DATA EXCERPT: Begin

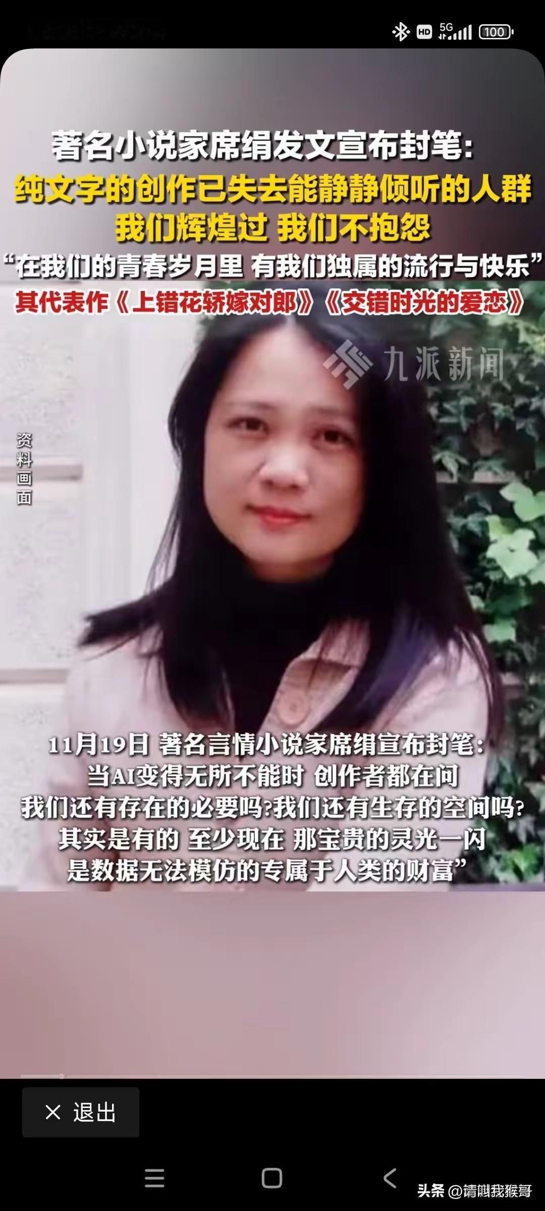 在短视频和人工智能的冲击下,纯文字创作真要被拍在沙滩上吗?近日著名小说家席绢发文封笔,引发了大家的关注。短视频靠直观画面和动感音乐抓人眼球,人工智能也能快速产出文本。虽然纯文字创作有它独特的魅力,它能让读者在字里行间展开无尽想象。像席绢、路遥、金庸等小说大家,用细腻文字勾勒出浪漫爱情、淳朴的农村和刀光剑影的江湖,曾经让无数人沉浸其中。不可否认,文字是有温度的,它能承载作者的情感与思想。但随着时代的发展,纯文字创作也许真的会退出历史舞台,在时代浪潮中它似乎已经无法坚守自己的阵地了。
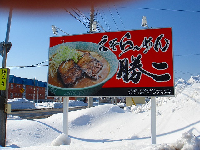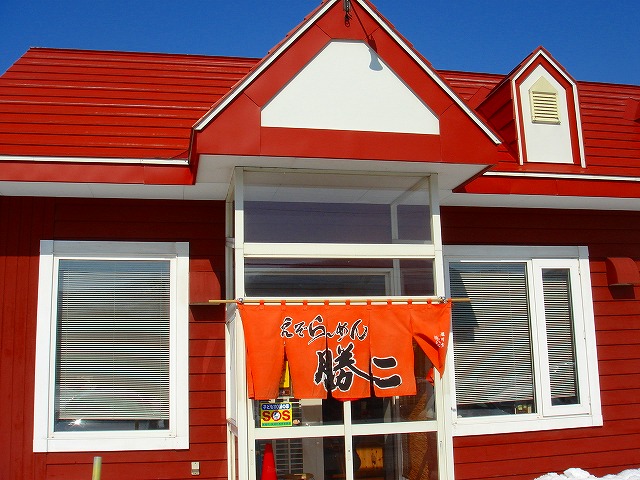 蘭越市街入口の国道5号沿いにある「えぞラーメン勝二」です。
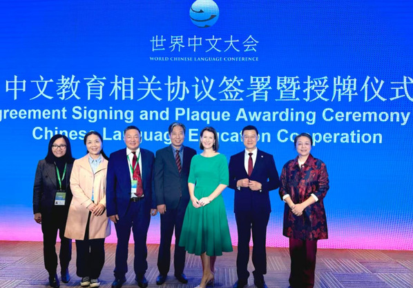 本网讯 11月13日至16日,以“创新引领·数智赋能--让中文零距离”为主题的世界中文大会在北京国家会议中心隆重举行。大会由教育部主办,汇聚了来自全球160多个国家的2000余名教育官员、学者与教师,共商中文教育未来。完美网页版校长雷儒金率团出席大会,副校长余翔、国际处及相关学院负责人一行八人参加大会。
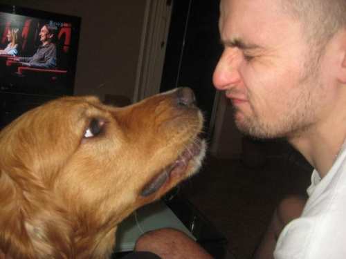 ogólnie Leon bardzo się uspokoił, jest naprawdę grzeczny właściwie zdarza mu się ze 2-3 razy w ciągu dnia próbować wleźć na Fredę ale wystarczy stanowcze "Leon" i chłopak od razu wie, że nie wolno- dobry psiak!

DATA EXCERPT: End

* _WHAT YOU SHOULD DO_
Write out the material above once more, word for word. Images stay out.

* _EXERCISE SOLUTION_
 在短视频和人工智能的冲击下,纯文字创作真要被拍在沙滩上吗?近日著名小说家席绢发文封笔,引发了大家的关注。短视频靠直观画面和动感音乐抓人眼球,人工智能也能快速产出文本。虽然纯文字创作有它独特的魅力,它能让读者在字里行间展开无尽想象。像席绢、路遥、金庸等小说大家,用细腻文字勾勒出浪漫爱情、淳朴的农村和刀光剑影的江湖,曾经让无数人沉浸其中。不可否认,文字是有温度的,它能承载作者的情感与思想。但随着时代的发展,纯文字创作也许真的会退出历史舞台,在时代浪潮中它似乎已经无法坚守自己的阵地了。
 蘭越市街入口の国道5号沿いにある「えぞラーメン勝二」です。
 本网讯 11月13日至16日,以“创新引领·数智赋能--让中文零距离”为主题的世界中文大会在北京国家会议中心隆重举行。大会由教育部主办,汇聚了来自全球160多个国家的2000余名教育官员、学者与教师,共商中文教育未来。完美网页版校长雷儒金率团出席大会,副校长余翔、国际处及相关学院负责人一行八人参加大会。
 ogólnie Leon bardzo się uspokoił, jest naprawdę grzeczny właściwie zdarza mu się ze 2-3 razy w ciągu dnia próbować wleźć na Fredę ale wystarczy stanowcze "Leon" i chłopak od razu wie, że nie wolno- dobry psiak!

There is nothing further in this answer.